■ Work item:
Send back the line that contains "商品名稱:老人呼叫器無線家用" and all lines following it through the end of the data below, exactly, omitting pictures.

■ Data shown:
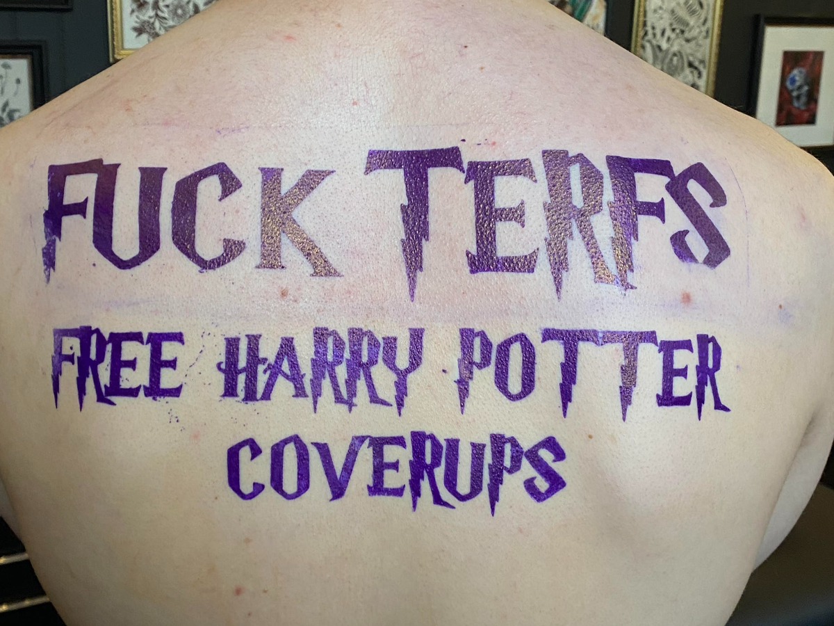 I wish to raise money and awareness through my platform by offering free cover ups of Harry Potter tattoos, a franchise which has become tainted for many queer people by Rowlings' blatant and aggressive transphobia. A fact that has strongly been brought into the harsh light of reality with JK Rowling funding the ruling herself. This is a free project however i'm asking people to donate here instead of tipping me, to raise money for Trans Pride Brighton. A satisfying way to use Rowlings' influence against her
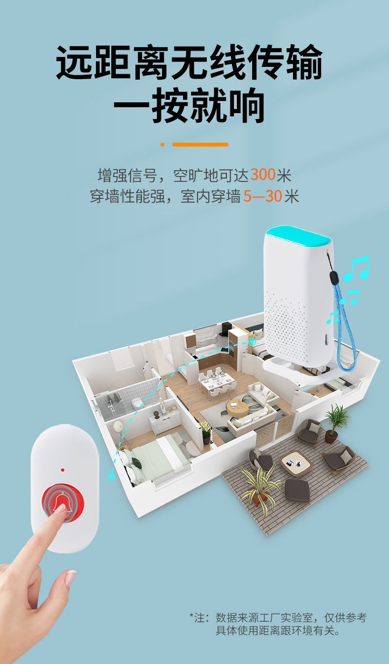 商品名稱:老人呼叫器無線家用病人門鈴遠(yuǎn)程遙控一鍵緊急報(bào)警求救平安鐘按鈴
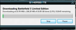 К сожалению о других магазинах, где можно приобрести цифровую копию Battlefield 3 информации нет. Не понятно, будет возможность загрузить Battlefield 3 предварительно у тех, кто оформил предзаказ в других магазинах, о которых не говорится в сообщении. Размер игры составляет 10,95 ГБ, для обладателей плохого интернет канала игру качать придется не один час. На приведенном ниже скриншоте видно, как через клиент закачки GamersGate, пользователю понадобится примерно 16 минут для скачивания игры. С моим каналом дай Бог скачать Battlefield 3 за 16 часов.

■ Reply to the task:
 商品名稱:老人呼叫器無線家用病人門鈴遠(yuǎn)程遙控一鍵緊急報(bào)警求救平安鐘按鈴
 К сожалению о других магазинах, где можно приобрести цифровую копию Battlefield 3 информации нет. Не понятно, будет возможность загрузить Battlefield 3 предварительно у тех, кто оформил предзаказ в других магазинах, о которых не говорится в сообщении. Размер игры составляет 10,95 ГБ, для обладателей плохого интернет канала игру качать придется не один час. На приведенном ниже скриншоте видно, как через клиент закачки GamersGate, пользователю понадобится примерно 16 минут для скачивания игры. С моим каналом дай Бог скачать Battlefield 3 за 16 часов.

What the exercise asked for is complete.